Although best known for its white nationalist brand of racist ideology, there’s growing recognition that patriarchal politics is also central to the movement. Several observers have pointed out that the alt-right advocates not just white supremacy, but more specifically white male supremacy, that the movement feeds on “toxic resentment of women”, and that sexism serves as a “gateway drug” pulling a lot of young men into it. The few alt-right women who have been profiled embrace their own subordination. [...]
Consider abortion. Some alt-rightists, unsurprisingly, argue that abortion is simply immoral and should be banned. Yet many others in the movement disagree – and for reasons that have nothing to do with respecting women’s autonomy or privacy. These alt-rightists support legal abortion because, they claim, it’s disproportionately used by black and Latina women and, secondarily, because they see it as a way to weed out “defective” white babies. In other words, they support abortion as a form of eugenics. Both sides of this internal alt-right debate agree that women have no business controlling their own bodies.
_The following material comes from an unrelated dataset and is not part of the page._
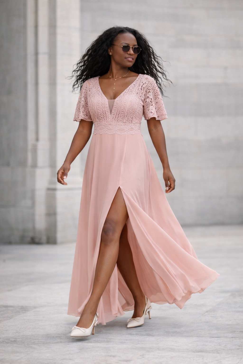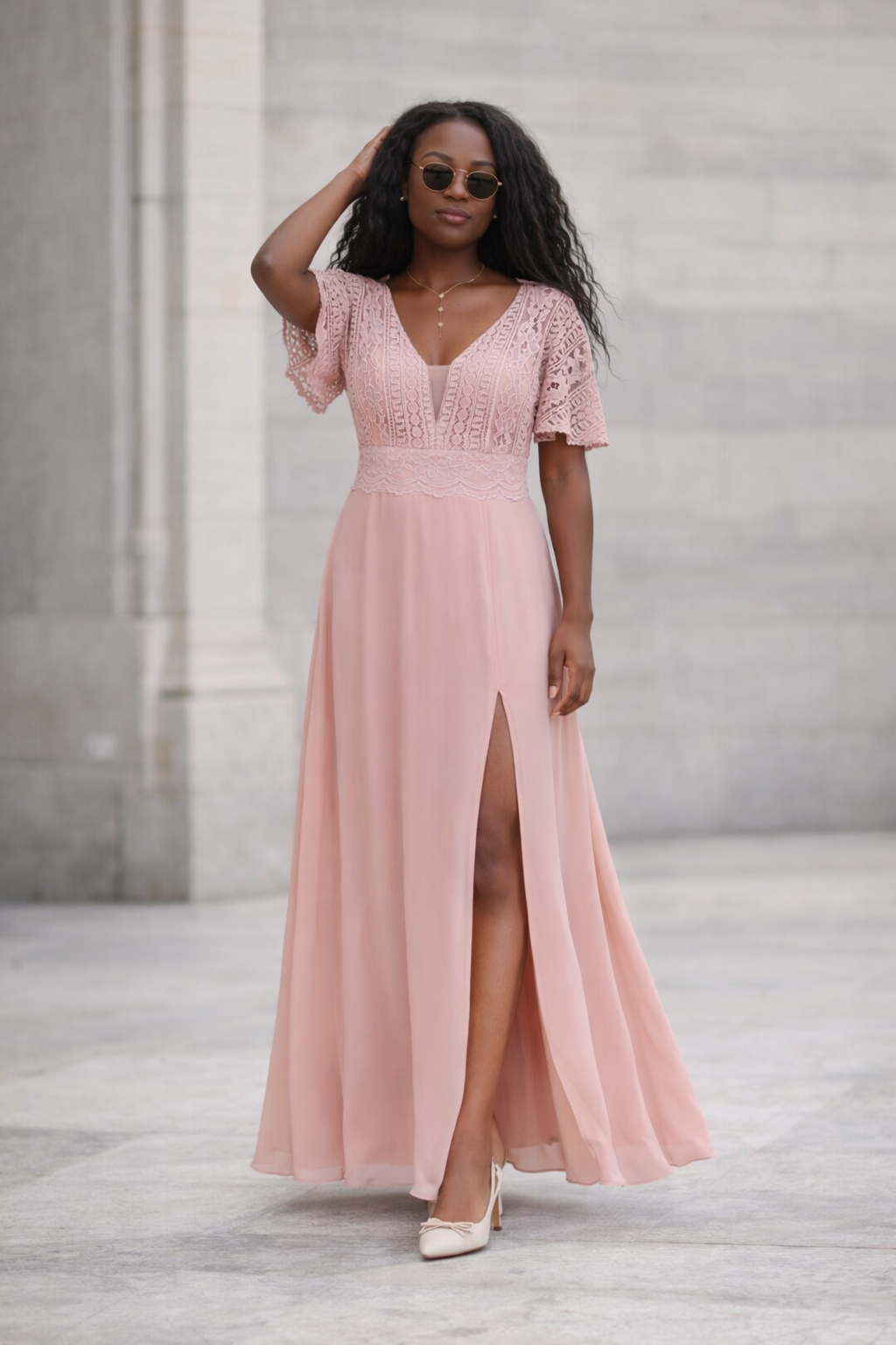 Élégante et féminine, cette robe de soirée longue rose poudré séduit par son bustier en dentelle, son encolure en V et sa jupe fluide fendue qui allonge la silhouette avec raffinement. Les manches courtes en dentelle apportent une touche romantique, tandis que la taille marquée structure l’ensemble avec délicatesse.

As Greg Johnson of the alt-right website Counter-Currents put it, “in a White Nationalist society … some abortions should be forbidden, others should be mandatory, but under no circumstances should they simply be a matter of a woman’s choice”. [...]
For 40 years, the Christian right has been the benchmark of anti-feminist, patriarchal politics in the United States. The Christian right was the first large-scale movement in US history to put the reassertion of male dominance at the centre of its programme. Since the 1970s, it has spearheaded a whole series of patriarchal initiatives, from the campaign to defeat the Equal Rights Amendment to the self-described “biblical patriarchy” movement, which tells women they have a sacred obligation to treat their husbands as “lord”.